• Provided data:
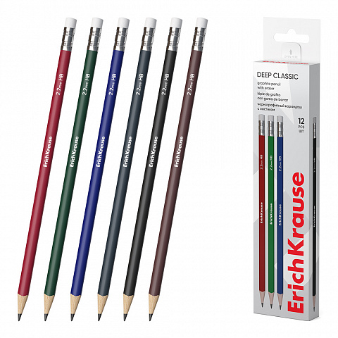 Чернографитный карандаш ErichKrause Deep Classic triangular, трехгранный, с ластиком, HB (в коробке по 12 шт.) |
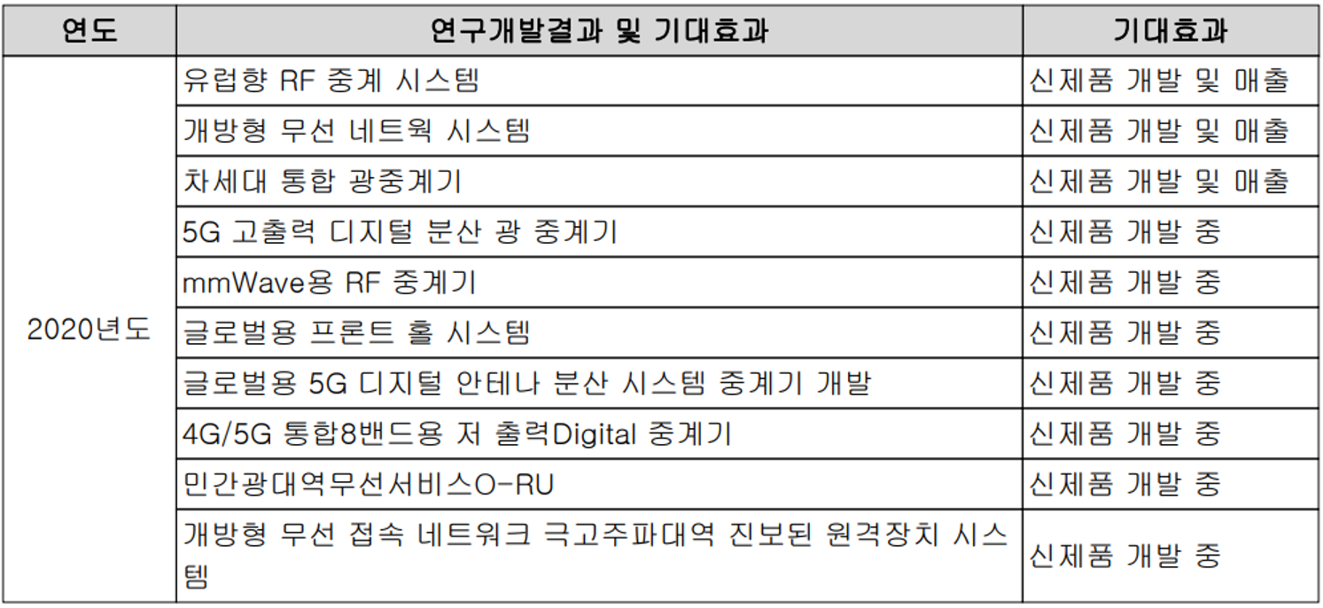 당사는 지난 2020년 유럽 고객사용 무선 중계기 시스템의 개발을 비롯한 5G 용 중계기 등의 연구 개발을 진행 중에 있습니다. 특히 지난해 영국 통신사 EE로부터 당사의 무선통신 중계기인 DAS(Distributed Antenna System)의 공급자로 선정되면서 이에 대한 고객사 제품 개발을 완료 후 납품 중인 것으로 알려지면서 향후 점진적인 매출 확대가 기대됩니다.
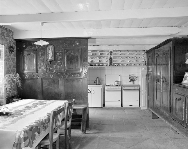 Salle commune 1, vue générale vers l'ouest. Mur nord : front des armoires (armoires, buffet-vaisselier et "bank Koste'n ti"). Mur sud : drustuilh en place et table à manger. Pignon ouest : vaisselier au-dessus de la cheminée remaniée. (1978)Immatriculation

• Instructions for the task: Where a picture appears, omit it; otherwise reproduce each line above from the first to the one with "당사는 지난 2020년", inclusive.

• Response:
 Чернографитный карандаш ErichKrause Deep Classic triangular, трехгранный, с ластиком, HB (в коробке по 12 шт.) |
 당사는 지난 2020년 유럽 고객사용 무선 중계기 시스템의 개발을 비롯한 5G 용 중계기 등의 연구 개발을 진행 중에 있습니다. 특히 지난해 영국 통신사 EE로부터 당사의 무선통신 중계기인 DAS(Distributed Antenna System)의 공급자로 선정되면서 이에 대한 고객사 제품 개발을 완료 후 납품 중인 것으로 알려지면서 향후 점진적인 매출 확대가 기대됩니다.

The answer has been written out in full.